Flax seeds, also known as linseeds, are a good source of omega 3, lignans, and dietary fiber.

#4 Raisins (uncooked) – 749mg/100g

They are made from dehydrated grapes; therefore, the nutrients become more concentrated in raisins.

#5 Almonds (raw) – 733mg/100g

The health benefits of almonds are comprehensive, and they are commonly used as a healthy solution for relief from respiratory disorders, constipation, and coughs.

#6 Dates – 656 mg/100g

There are numerous health benefits of dates: they strengthen muscles and bones, build sexual stamina, cure anemia, and boost energy.

#7 Oat bran (dry) – 566mg/100g

Due to LDL cholesterol-lowering functions, oat bran may reduce the risk of coronary heart disease.

#8 White beans (boiled) – 561mg/100g

White beans, better known as white navy beans, offer remarkable health benefits.

White beans are loaded with minerals and vitamins and provide a good supply of essential amino acids.

#9 Spinach (raw) – 558mg/100gmalabar spinach berries health benefits

Spinach is an impressive source of vitamin A, vitamin K, vitamin C, and folate, as well as being a good source of minerals.

#10 Soybeans (cooked) – 515mg/100g

Packed with carbohydrates, protein, minerals, vitamins, and healthy fats, this legume provides your body with ample energy.

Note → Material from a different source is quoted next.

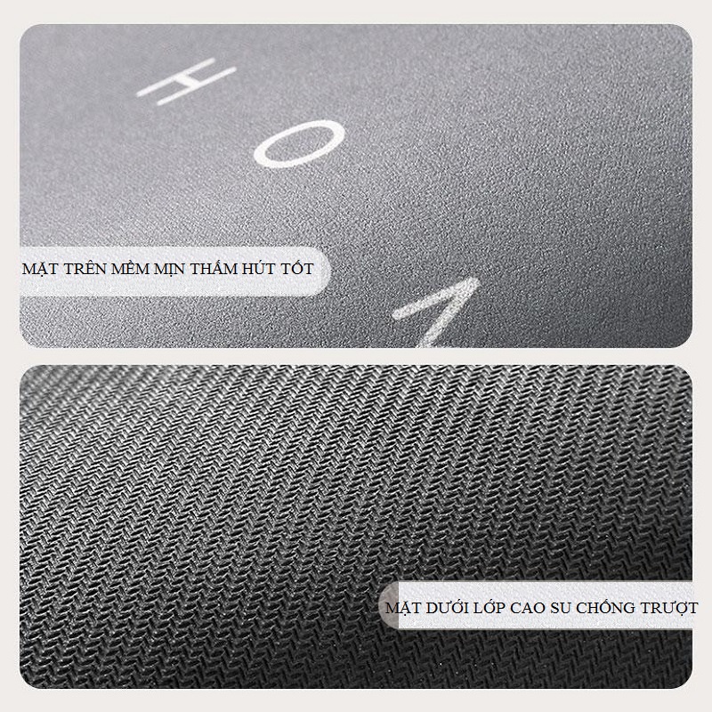 - Không trơn trượt, an toàn cho người già và trẻ nhỏ. Vật liệu Diatomite với những lỗ siêu nhỏ có khả năng tự thấm, hút ẩm siêu nhanh và ngay lập tức giải phóng lượng ẩm này vào không khí.
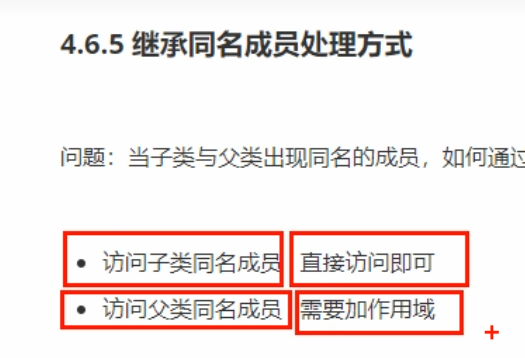 对于父类和子类同名的静态成员也是通过作用域来处理使用(通过对象的访问) 如果是通过类名来访问:类名::成员,【拿到父类的成员(子类名::父类名::成员)】

#11 Lima beans (cooked) – 508mg/100g

Lima beans are a delicious legume that has many health benefits, including their capacity to boost heart health and improve digestion.

#12 Avocado – 507mg/100g

The health benefits of avocados include protection from cardiovascular diseases, weight management, and type 2 Diabetes Mellitus.

#13 Sweet potatoes (cooked) – 475mg/100

Sweet potato is a good source of minerals, vitamins (the most abundant source of beta-carotene), and dietary fiber that are vital for optimal health.

#14 Chia seeds – 407mg/100g

Chia seeds help you stay hydrated, reduce food cravings, lower blood pressure, are a good source of fiber, and are rich in omega-3 fatty acids.

#15 Potatoes (boiled) – 379mg/100g

Potato is a popular root vegetable and is one of the richest sources of vitamins, starch, minerals, and fiber.

#16 Lentils (cooked) – 369mg/100g

Lentils may be individually small, but they are a storehouse of essential vitamins, amino acids, and minerals.

#17 Banana (fresh) – 358mg/100g

Bananas provide protection from chronic disease and free radicals and relieve constipation.

Note – potassium overdose for a healthy person, from bananas, is around 400 (at once). IMPOSSIBLE.

#18 Broccoli (raw) – 316mg/100g

Broccoli is also a good source of pantothenic acid, fiber, vitamin E, vitamin B6, phosphorus, manganese, vitamin B1, choline, and copper.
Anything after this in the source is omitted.